→ Prompt
Copy each entry verbatim, excluding its images.

→ Provided material
/---

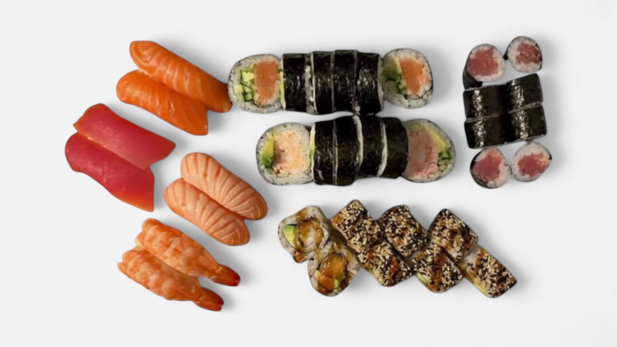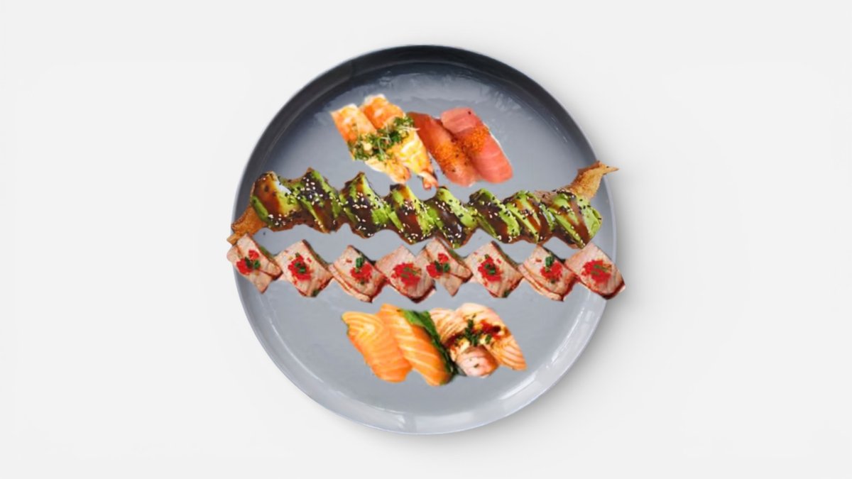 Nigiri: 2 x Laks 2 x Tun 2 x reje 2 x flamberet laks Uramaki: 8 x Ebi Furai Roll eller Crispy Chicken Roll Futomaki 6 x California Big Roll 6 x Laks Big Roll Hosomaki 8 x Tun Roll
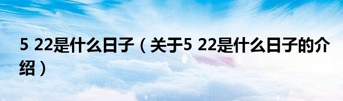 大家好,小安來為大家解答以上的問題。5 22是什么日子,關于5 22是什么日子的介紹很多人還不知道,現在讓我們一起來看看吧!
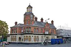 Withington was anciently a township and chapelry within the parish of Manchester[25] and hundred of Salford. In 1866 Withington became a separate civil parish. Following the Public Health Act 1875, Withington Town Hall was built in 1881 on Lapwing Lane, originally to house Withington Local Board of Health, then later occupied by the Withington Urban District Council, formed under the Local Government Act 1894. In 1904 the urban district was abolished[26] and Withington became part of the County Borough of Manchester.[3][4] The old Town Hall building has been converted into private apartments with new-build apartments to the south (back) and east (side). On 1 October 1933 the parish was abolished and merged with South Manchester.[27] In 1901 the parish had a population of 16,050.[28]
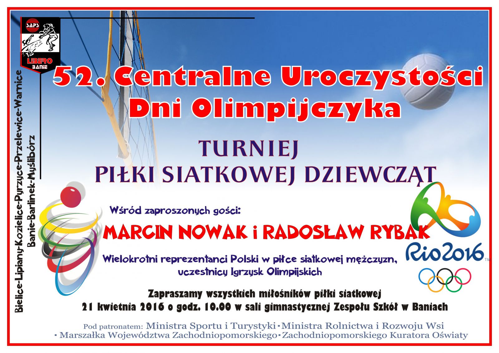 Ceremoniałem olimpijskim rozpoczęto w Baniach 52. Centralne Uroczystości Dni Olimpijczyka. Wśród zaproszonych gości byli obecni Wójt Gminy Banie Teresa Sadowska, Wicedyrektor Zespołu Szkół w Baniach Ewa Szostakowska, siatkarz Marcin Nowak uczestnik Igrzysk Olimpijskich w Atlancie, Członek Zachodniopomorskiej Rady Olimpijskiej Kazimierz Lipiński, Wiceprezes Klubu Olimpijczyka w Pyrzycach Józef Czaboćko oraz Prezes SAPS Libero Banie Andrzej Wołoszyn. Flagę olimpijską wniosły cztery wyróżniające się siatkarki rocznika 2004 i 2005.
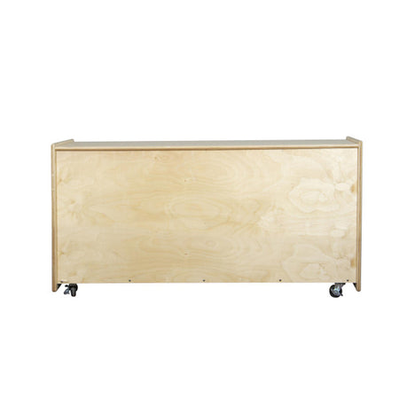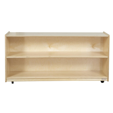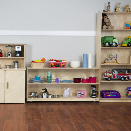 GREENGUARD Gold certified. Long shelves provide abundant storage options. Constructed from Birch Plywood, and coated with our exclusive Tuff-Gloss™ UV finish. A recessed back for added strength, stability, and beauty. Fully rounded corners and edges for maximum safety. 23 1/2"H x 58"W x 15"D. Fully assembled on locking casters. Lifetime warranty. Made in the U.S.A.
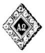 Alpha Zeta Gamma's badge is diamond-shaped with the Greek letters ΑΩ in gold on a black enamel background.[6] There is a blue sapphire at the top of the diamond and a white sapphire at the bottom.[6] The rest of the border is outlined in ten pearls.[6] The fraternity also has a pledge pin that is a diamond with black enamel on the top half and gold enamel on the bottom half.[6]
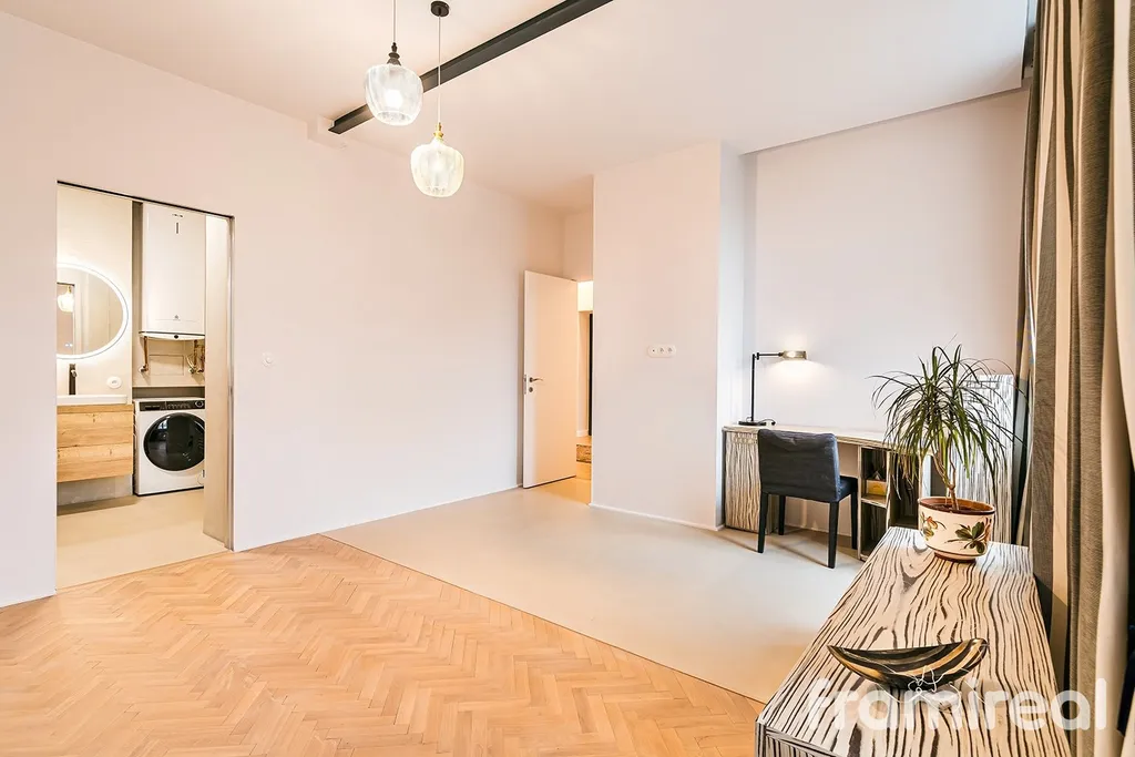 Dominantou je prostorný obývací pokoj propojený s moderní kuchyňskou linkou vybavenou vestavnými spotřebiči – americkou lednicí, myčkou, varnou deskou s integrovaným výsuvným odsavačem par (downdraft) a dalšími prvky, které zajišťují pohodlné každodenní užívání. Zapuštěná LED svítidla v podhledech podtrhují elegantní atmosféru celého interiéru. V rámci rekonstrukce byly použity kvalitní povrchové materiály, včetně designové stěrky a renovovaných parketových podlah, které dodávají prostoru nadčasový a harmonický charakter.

\---

→ Final answer
 Nigiri: 2 x Laks 2 x Tun 2 x reje 2 x flamberet laks Uramaki: 8 x Ebi Furai Roll eller Crispy Chicken Roll Futomaki 6 x California Big Roll 6 x Laks Big Roll Hosomaki 8 x Tun Roll
 大家好,小安來為大家解答以上的問題。5 22是什么日子,關于5 22是什么日子的介紹很多人還不知道,現在讓我們一起來看看吧!
 Withington was anciently a township and chapelry within the parish of Manchester[25] and hundred of Salford. In 1866 Withington became a separate civil parish. Following the Public Health Act 1875, Withington Town Hall was built in 1881 on Lapwing Lane, originally to house Withington Local Board of Health, then later occupied by the Withington Urban District Council, formed under the Local Government Act 1894. In 1904 the urban district was abolished[26] and Withington became part of the County Borough of Manchester.[3][4] The old Town Hall building has been converted into private apartments with new-build apartments to the south (back) and east (side). On 1 October 1933 the parish was abolished and merged with South Manchester.[27] In 1901 the parish had a population of 16,050.[28]
 Ceremoniałem olimpijskim rozpoczęto w Baniach 52. Centralne Uroczystości Dni Olimpijczyka. Wśród zaproszonych gości byli obecni Wójt Gminy Banie Teresa Sadowska, Wicedyrektor Zespołu Szkół w Baniach Ewa Szostakowska, siatkarz Marcin Nowak uczestnik Igrzysk Olimpijskich w Atlancie, Członek Zachodniopomorskiej Rady Olimpijskiej Kazimierz Lipiński, Wiceprezes Klubu Olimpijczyka w Pyrzycach Józef Czaboćko oraz Prezes SAPS Libero Banie Andrzej Wołoszyn. Flagę olimpijską wniosły cztery wyróżniające się siatkarki rocznika 2004 i 2005.
 GREENGUARD Gold certified. Long shelves provide abundant storage options. Constructed from Birch Plywood, and coated with our exclusive Tuff-Gloss™ UV finish. A recessed back for added strength, stability, and beauty. Fully rounded corners and edges for maximum safety. 23 1/2"H x 58"W x 15"D. Fully assembled on locking casters. Lifetime warranty. Made in the U.S.A.
 Alpha Zeta Gamma's badge is diamond-shaped with the Greek letters ΑΩ in gold on a black enamel background.[6] There is a blue sapphire at the top of the diamond and a white sapphire at the bottom.[6] The rest of the border is outlined in ten pearls.[6] The fraternity also has a pledge pin that is a diamond with black enamel on the top half and gold enamel on the bottom half.[6]
 Dominantou je prostorný obývací pokoj propojený s moderní kuchyňskou linkou vybavenou vestavnými spotřebiči – americkou lednicí, myčkou, varnou deskou s integrovaným výsuvným odsavačem par (downdraft) a dalšími prvky, které zajišťují pohodlné každodenní užívání. Zapuštěná LED svítidla v podhledech podtrhují elegantní atmosféru celého interiéru. V rámci rekonstrukce byly použity kvalitní povrchové materiály, včetně designové stěrky a renovovaných parketových podlah, které dodávají prostoru nadčasový a harmonický charakter.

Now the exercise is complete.